We Finally Know The Immense Weight Of Humanity’s Footprint

We Finally Know The Immense Weight Of Humanity’s Footprint

It should be obvious to everyone at this point that humans are having an enormous impact on the planet. But how much, exactly, does our collective footprint weigh? It may sound odd, but a new scientific paper is offering an answer to that very question: A staggering 30 trillion tonnes.

Image: University of Leicester

A study published in The Anthropocene Review has taken a first stab at estimating the weight of Earth’s “technosphere” — basically, all of the structures people have built, modified or messed with in order to live here. As defined in the journal’s paper, the technosphere includes everything from factories to smartphones to the land we’ve farmed. Oh, and also the planet-wide mountain of garbage we’ve created.

“[The technosphere] includes active urban, agricultural and marine components, used to sustain energy and material flow for current human life, and a growing residue layer,” the study’s authors write.

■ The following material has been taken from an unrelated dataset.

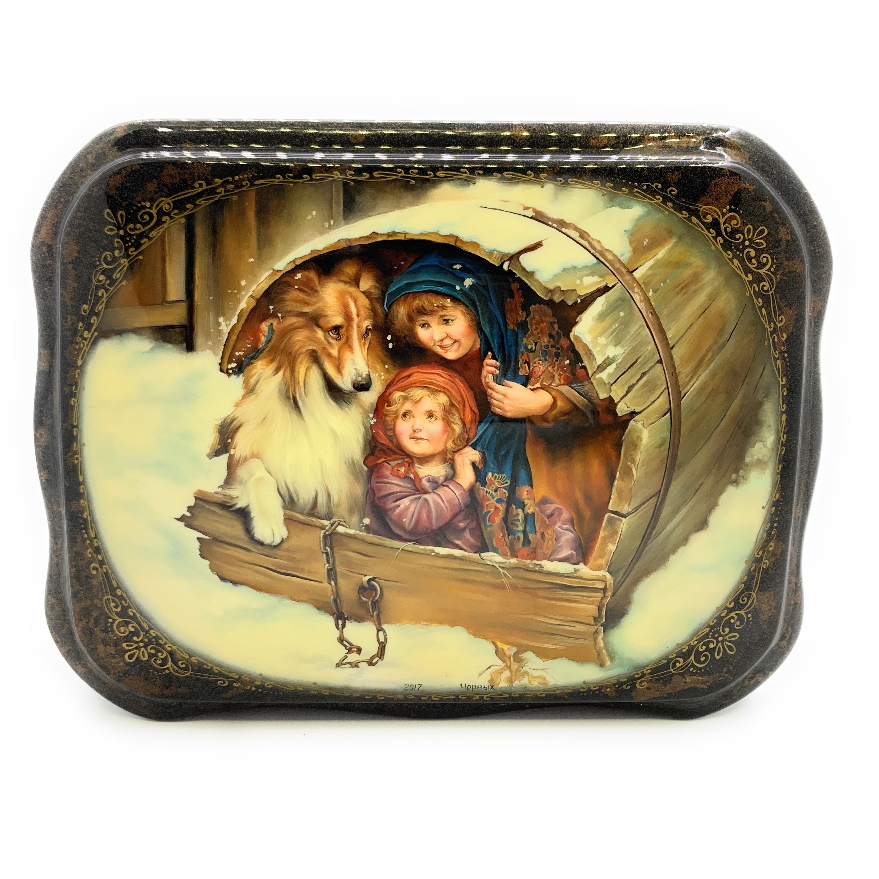 Шкатулка с лаковой миниатюрой Зимний пейзаж, снегири / Ручная роспись
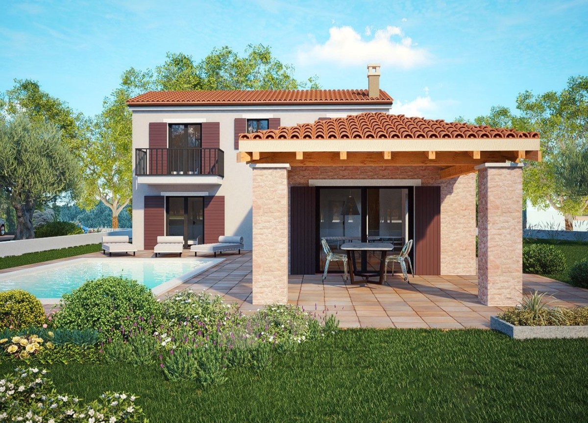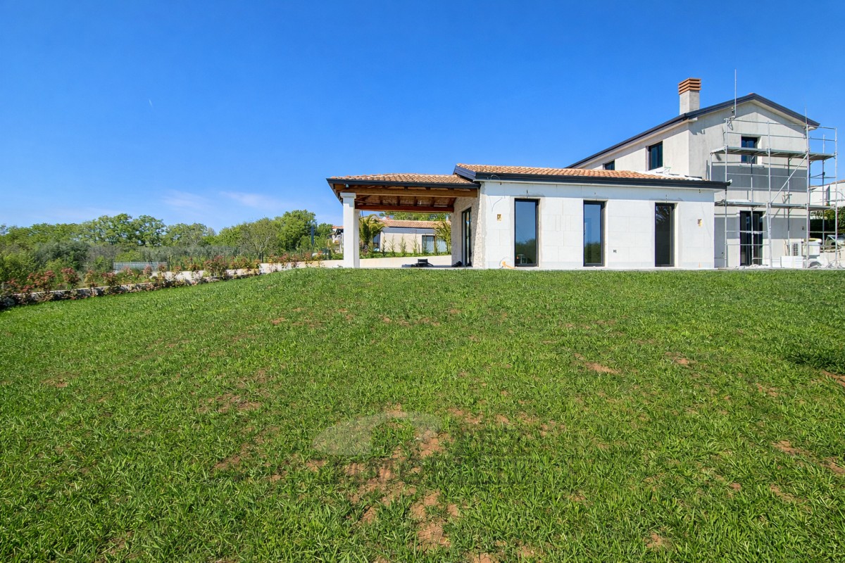 For sale is a luxurious modern villa with a swimming pool, perfectly located with a beautiful view of the sea, only 8 kilometers from the coast and 10 kilometers from the center of Poreč.

The mass of technosphere was estimated very roughly by compiling information on the area, thickness and density of cities, roads, croplands and other human-modified landscapes. It can now be offered into consideration as evidence that humans are pushing the planet into a new geologic epoch, the so-called “Anthropocene”. In fact, that seems to have been the point of the study, whose authors include Jan Zalasiewicz, the chair of the Anthropocene Working Group, a committee tasked with determining whether the epoch of man and machine is upon us.

We Finally Know The Immense Weight Of Humanity’s Footprint
Image: Pixabay

Image: Pixabay

As Zalasiewicz explained to Gizmodo earlier this year, in order for geologists to be convinced we’ve entered the Anthropocene, they need firm evidence that humanity’s footprint will last through the ages, whether or not we do. And as every geologist knows, one of the most important pieces of evidence for a planetary shift is the fossil record.

Based on the sheer size of the technosphere — 30 trillion tonnes equates to roughly 50kg of human-made crap per square metre — and that fact that many artificial structures don’t decompose, we now have a new yardstick for understanding just how profoundly different the fossil record of modernity will look compared to the past.

Whereas the Cambrian explosion featured a rapid burst of new life forms, rock layers comprising the Anthropocene may show a comparable upsurge in so-called “techno-fossils”, from plastic bags to catalytic converters. In fact, the authors write, if techno-fossils were classified the same way normal fossils are — based on their shape, form and texture — there are probably a billion or more types, vastly outnumbering the number of species alive today.

“There is more to the technosphere than just its mass,”study co-author Colin Waters said in a statement. “It has enabled the production of an enormous array of material objects… Many of these, if entombed in strata, can be preserved into the distant geological future.”

Zalasiewicz reckons we’re still a few years out from formally adopting the Anthropocene as a unit of geologic time. And there’s always a chance the scientific powers that be could choose to reject the term. But however the academic debate shakes out, the inescapable truth is that, for better or worse, humans have fundamentally altered the Earth like no species before.